Chairman of the Bac Ninh People’s Committee Pham Hoang Son emphasized that the province places high importance on food safety management, particularly the responsibilities of authorities at provincial, departmental, and commune levels, as well as advisory roles of sectors such as industry and trade, agriculture, health, and public security.
He acknowledged that inter-agency coordination remains largely formalistic and expressed agreement with the proposal to unify management under a single authority.
However, he cautioned that establishing a new organizational structure would be challenging. Instead, he suggested assigning responsibility to a single department, with a designated deputy director in charge and oversight from a provincial vice chairman.

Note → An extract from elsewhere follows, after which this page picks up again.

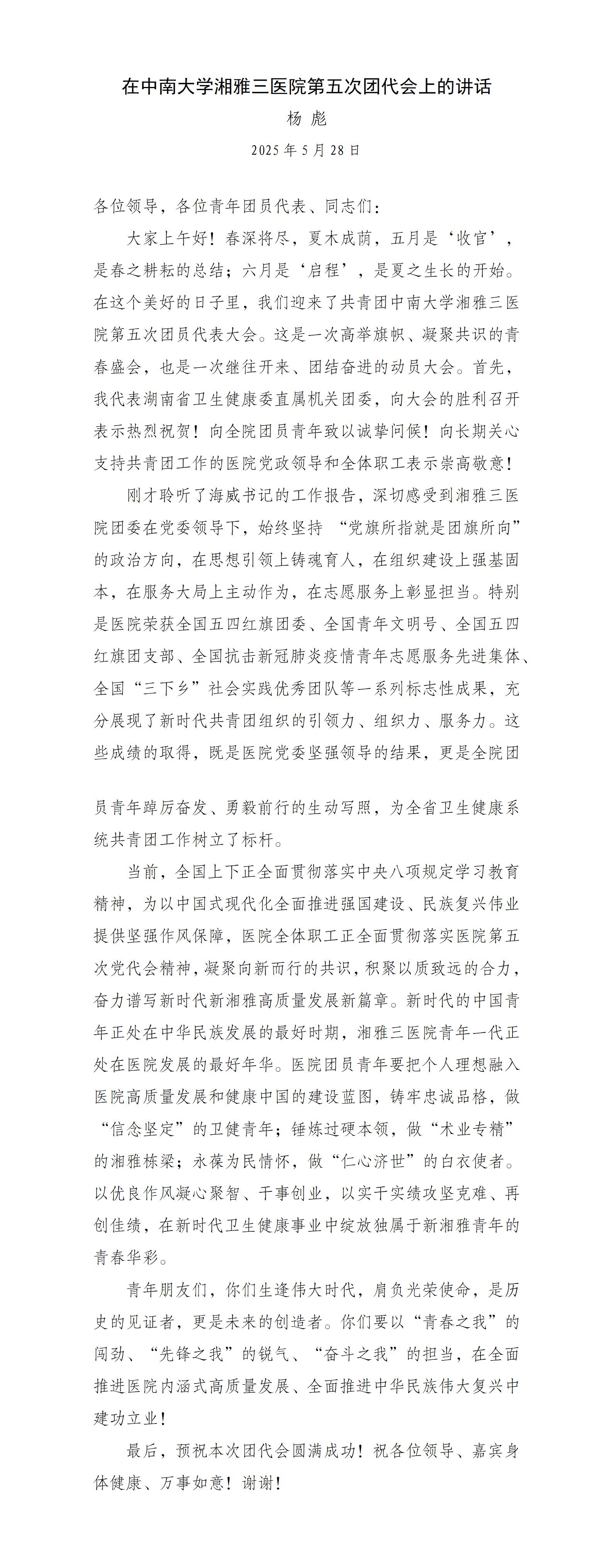 湖南省卫健委直属机关团委书记杨彪在中南大学湘雅三医院第五次团代会上的讲话

This approach would ensure both strategic direction and specialized management.
Chairwoman Nguyen Thanh Hai recommended accelerating the application of information technology and digital transformation in food safety management, noting that expanding staffing would be difficult.
She also called for stricter enforcement, stronger sanctions, and heavier penalties for violations, including the possibility of revoking business licenses for establishments that fail to meet food safety standards.
In addition, she urged a comprehensive review of food safety, particularly within the fresh food supply chain across the province.
Commitments made by businesses regarding food safety should be printed and publicly displayed at their premises. “If commitments are kept in drawers and not made public, they carry no meaning,” she stressed.
Buying and selling based on “trust”

During inspections at Ha Vi traditional market, Nguyen Thanh Hai pointed out that all fresh food products were sourced by traders without documentation, records, or invoices to verify their origin.
There were no supporting documents whatsoever, leaving consumers to rely solely on visual judgment. Similarly, vegetables and mushrooms, whether imported from China or sourced from Da Lat, were sold without proof of origin, effectively “traded on trust.”
At a facility supplying meals for 4,000 workers daily, record-keeping for food inputs was found to be largely superficial, with some logs left blank for an entire week.
According to Hai, inspection results often differ significantly from reality. To identify gaps, it is necessary to strengthen unannounced inspections across multiple stages and enhance post-inspection oversight.